Universal adult suffrage on a common voters roll is one of the foundational values of our entire constitutional order. The achievement of the franchise has historically been important both for the acquisition of the rights of full and effective citizenship by all South Africans regardless of race, and for the accomplishment of an all-embracing nationhood. The universality of the franchise is important not only for nationhood and democracy. The vote of each and every citizen is a badge of dignity and of personhood. Quite literally, it says that everybody counts. In a country of great disparities of wealth and power it declares that whoever we are, whether rich or poor, exalted or disgraced, we all belong to the same democratic South African nation; that our destinies are intertwined in a single interactive polity.

Justice Albie Sachs
August and Another v Electoral Commission and Others (CCT8/99) [1999] ZACC 3
7 September 2007

Floor crossing and politics

A thoughtful reader took issue with my post on floor crossing, arguing, first, that the the “argument that, so long as the legislature’s procedure is followed, any amendment [of the Constitution] may stand is excessively legalistic” and, second, that my “argument that any attempt to judge the merits of floor-crossing would be an unwarranted involvement of the Court in politics is disingenuous” because no court is above politics.

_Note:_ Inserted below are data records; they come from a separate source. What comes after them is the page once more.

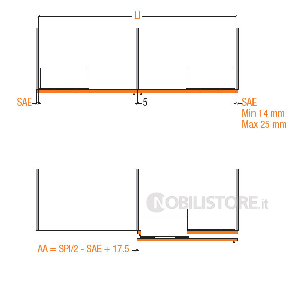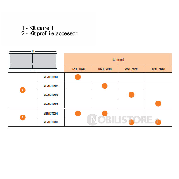 In base alla larghezza interna del mobile (LI) si compone il meccanismo utilizzando un Kit carrelli (1) e un Kit profili e accessori (2)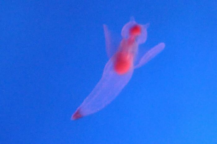 この水族館には、氷の妖精の「クリオネ」がいたので撮影に試みたのだが、水槽の中の海水が撹拌されているため、ピント合わせの難しい小さな被写体で有った。
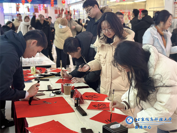 在“墨香写福字”摊位前,师生们挥毫泼墨,用笔尖传递新年祝福和美好祈愿。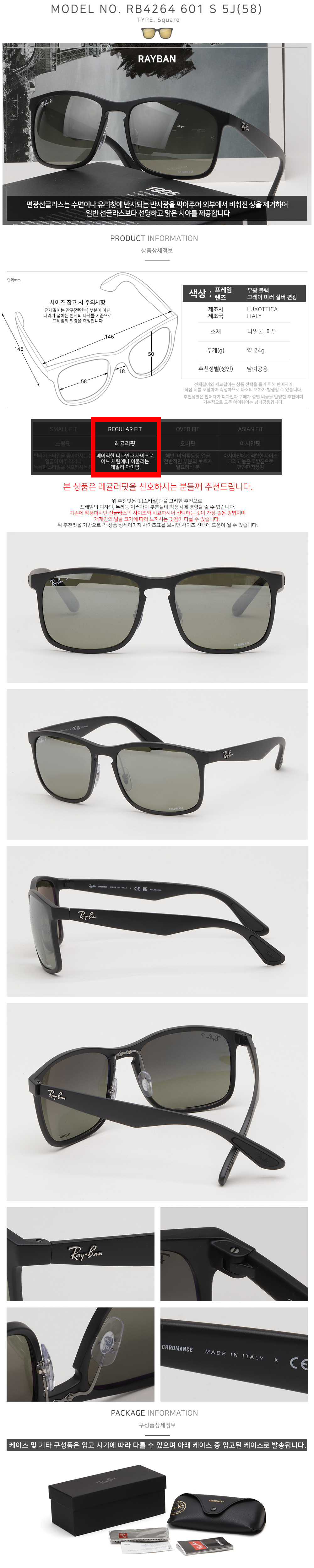 레이밴 선글라스 RB4264 601S/5J 미러 편광 가벼운 뿔테 낚시 크로맨스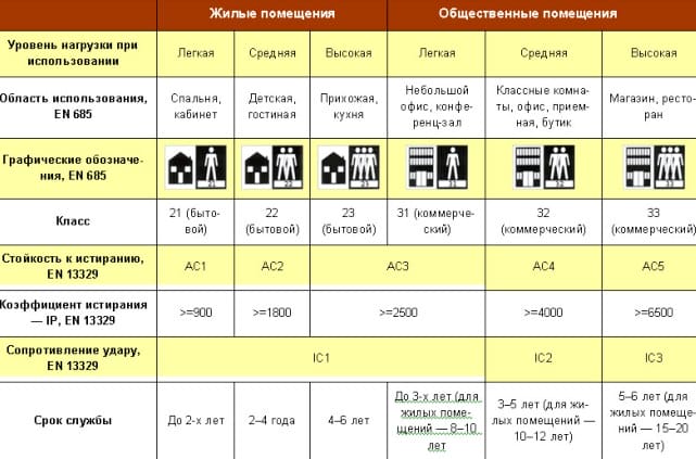 На российском рынке применяют классы ламината: 21,22,23 для бытовых условий ( до 5 лет) и 31, 32, 33 для коммерческого (производственного) применения (10 -25 лет эксплуатации). Данные классы указывают на интенсивность хождения. Малую, среднюю и высокую соответственно.

On the first point: The Constitution is the highest law of the land and in a Constitutional state like ours any law or state action and many private acts that contravene the Constitution will be declared invalid because of this clash with the higher law. For this reason it is rather difficult to change the Constitution and this can only be done in South Africa if a complicated procedure is followed and, for the most part, if at least two thirds of the members of the National Assembly and six of the nine Provincial delegations in the NCOP agree to the amendment.

But those people who made the Constitution did not make it impossible to change any part of the Constitution. I cannot see what is formalistic about insisting therefore that if the correct procedures are followed to amend the Constitution, those amendments should not be testable against other provisions in the Constitution. How can one part of the Highest law be tested against another part of that same Highest law if both parts are of the same height, so to speak?

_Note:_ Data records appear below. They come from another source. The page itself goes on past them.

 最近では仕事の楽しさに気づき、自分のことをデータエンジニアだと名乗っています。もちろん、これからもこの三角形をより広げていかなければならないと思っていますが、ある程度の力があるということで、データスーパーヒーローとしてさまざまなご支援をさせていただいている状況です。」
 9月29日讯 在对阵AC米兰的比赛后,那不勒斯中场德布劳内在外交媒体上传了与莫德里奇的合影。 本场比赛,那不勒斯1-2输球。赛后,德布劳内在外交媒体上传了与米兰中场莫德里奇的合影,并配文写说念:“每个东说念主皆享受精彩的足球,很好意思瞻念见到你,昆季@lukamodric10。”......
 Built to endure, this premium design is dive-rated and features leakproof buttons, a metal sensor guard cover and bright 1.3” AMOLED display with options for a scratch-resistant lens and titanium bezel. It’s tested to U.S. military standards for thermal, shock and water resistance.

Also, why should unelected judges be given the power to thwart the will of the people to change the Constitution as expressed by two thirds of its representatives. It would be extremely undemocratic and would fly in the face of any semblance of the separation of powers doctrine to do so. The Constitution itself give the legislature and not the Courts, the power to decide if and how they want to amend the Constitution and the Court cannot take back this power which was given to another body.

If we do not want the politicians to change the Constitution, we should not vote for them. The courts cannot protect us in every situation from our own stupidity as voters and cannot act as a super legislature – that would be rule by judges and once Judge Hlophe becomes Chief Justice you will see how quickly everyone agrees what a bad idea THAT would be!

On the second point: I chose my words very carefully when I said that the Court felt that there was a danger that it would descend into the overt political arena if it declared invalid the amendments to the Constitution.

Of course courts play a political role – both in constitutional and other cases – and I will be the last person to deny this. Courts make decisions that will have consequences for people and these decisions are based on the judges’ interpretation of the law. Texts do not interpret themselves and judges have to make choices about what kind of interpretation and hence what kind of outcome they wants. And these choices have legal and political consequences (and the two things can not really be separated in any case).

But judges are not completely unconstrained. They have to try and make decisions and must justify them in ways that will be legitimate and coherent and will not undermine their credibility and influence. For their decisions to have a semblance of legitimacy they must be more than mere party political decisions based on the beliefs of the judges – or at least the decisions must appear to be more than party political choices….

In my post I was pointing out that in the Floor Crossing case the judges felt that there was no plausible reason outside overt politics for them to intervene in the case. The “legal arguments” ran out and all that remained were arguments that in appearance and in reality would be based on specific party political type preferences – and would thus appear to be overtly political. The Judges felt that making such a choice would be bad for their credibility as a court and thus declined to declare invalid the Floor Crossing legislation.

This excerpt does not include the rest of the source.